The 'Powering Up Britain' action plan launched in early 2023 by the UK government builds on the net zero strategy and sets clear directions for the country's green energy transition. Increased use of renewable energies sources and better energy storage capacities feature prominently in the action plan as key mechanisms to deliver Net Zero. However at the current state of the art, the technologies underpinning this transition (from wind turbines to solar panels and batteries for electric vehicles) are all heavily reliant on a small number of so-called 'critical materials' (typically only produced by a small number of countries and in limited supply). This poses a risk in terms of both availability and affordability, which could potentially compromise the successful transition to a low-carbon economy.

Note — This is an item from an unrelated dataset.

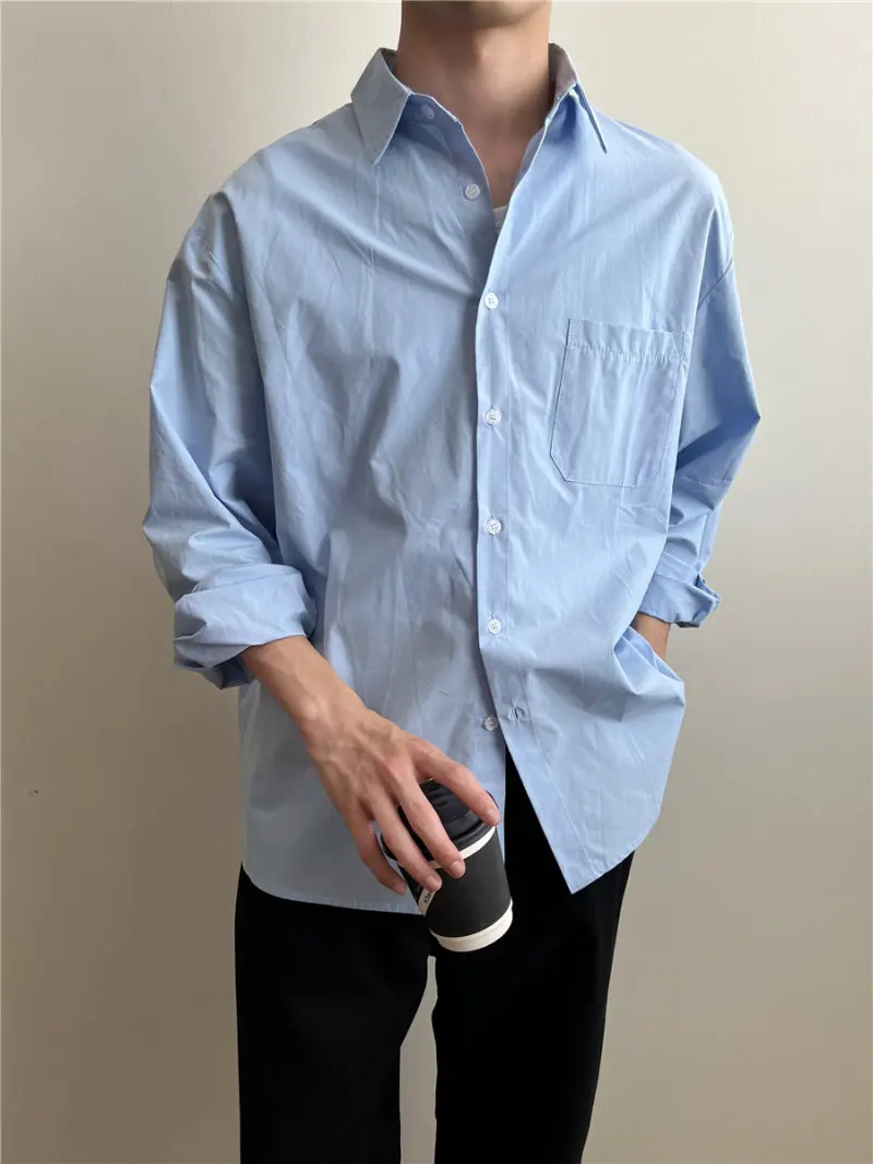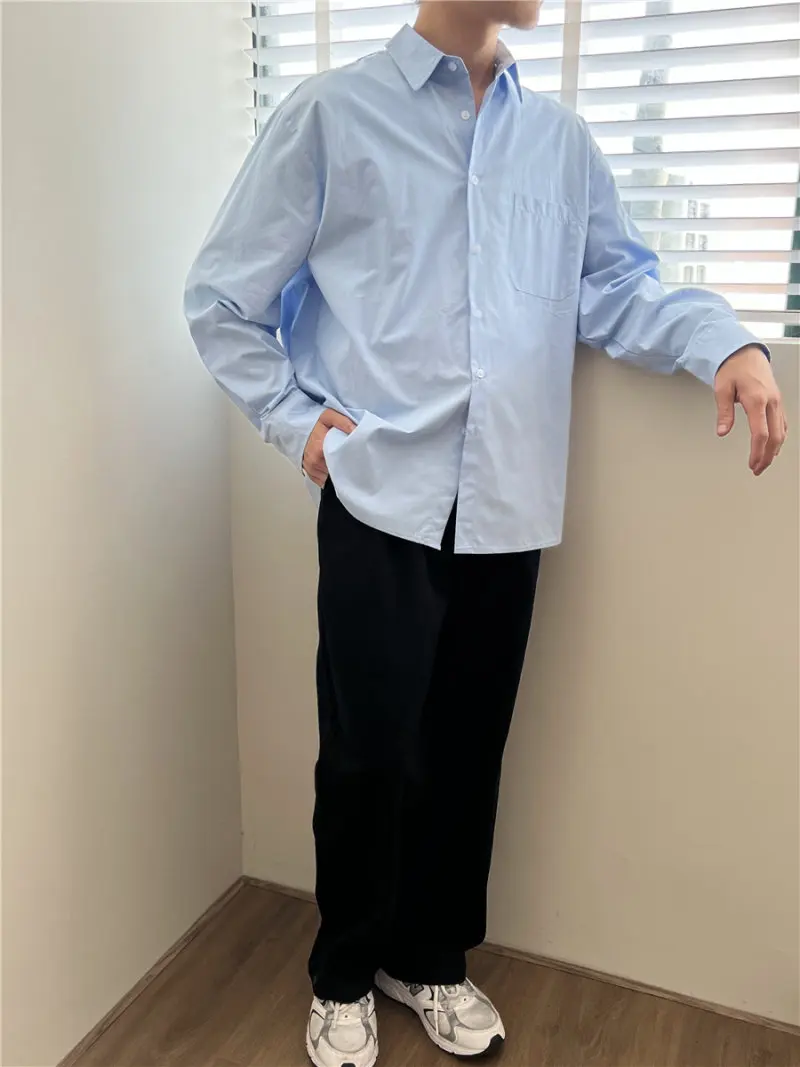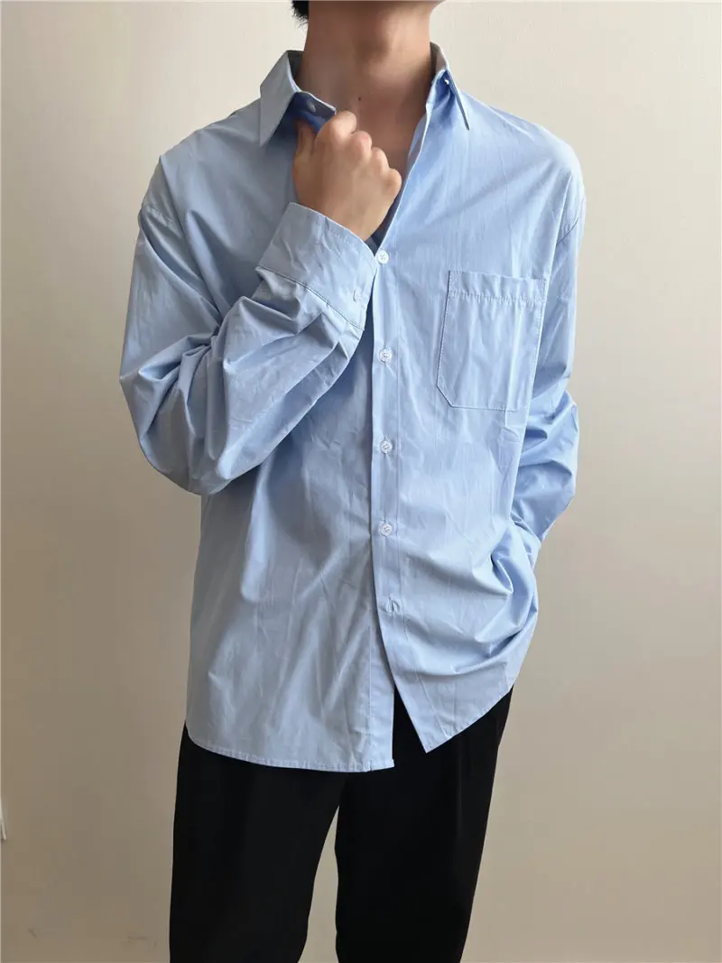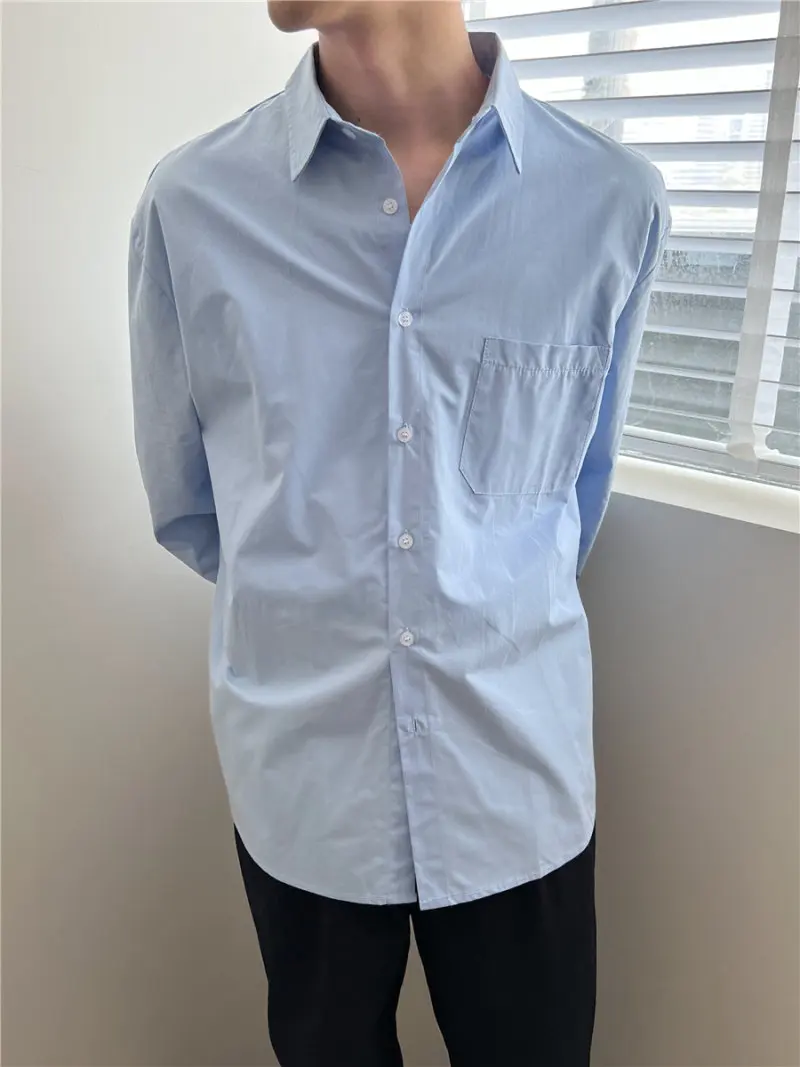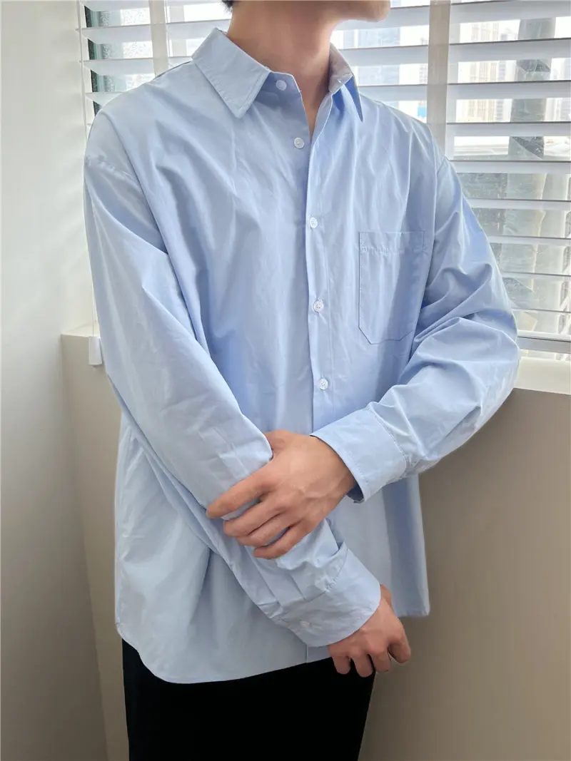 Wiaofellas  -  Blue White Long Sleeved Shirt Men Fashion Social Mens Dress Shirt Korean Loose Casual Shirts Mens Office Formal Shirt M-2XL

Research into the discovery of new materials and the characterisation of known ones goes back many decades, and has enabled the development of ground-breaking technologies such as solar cells (first developed in the 1880s based on knowledge of selenium and then improved in the 1950s with the understanding of the properties of silicon). In recent years, though, the technical requirements for materials modelling have become much more stringent, making many of the existing computational tools unable to satisfy the users' requirements. Therefore, materials discovery has become an extremely challenging and costly exercise, relying on a combination of inaccurate modelling and expensive experiments.

Through work undertaken in previous projects, Phasecraft has shown that quantum computers could change this paradigm drastically, and that this could be done in the near term (when quantum computers are expected to be small-scale and noisy). Indeed, through the use of proprietary quantum computational techniques and algorithms, Phasecraft has demonstrated how to characterise faster and with (much) greater accuracy materials of interest to industry.

Past work from Phasecraft has focused on selected classes of materials. But Phasecraft's underlying algorithms and quantum software pipeline are readily adaptable to broader classes of materials relevant to the energy sector. The nature of the challenges in the classical simulation is similar across many energy materials, hence the significance of quantum simulation's ability to transform the materials discovery process in this sector. This could ultimately lead to the identification of new materials, or the revisiting of materials that have been overlooked due to approximations made within classical simulation, thus playing an important role in delivering the materials improvements needed to deliver energy security and net zero.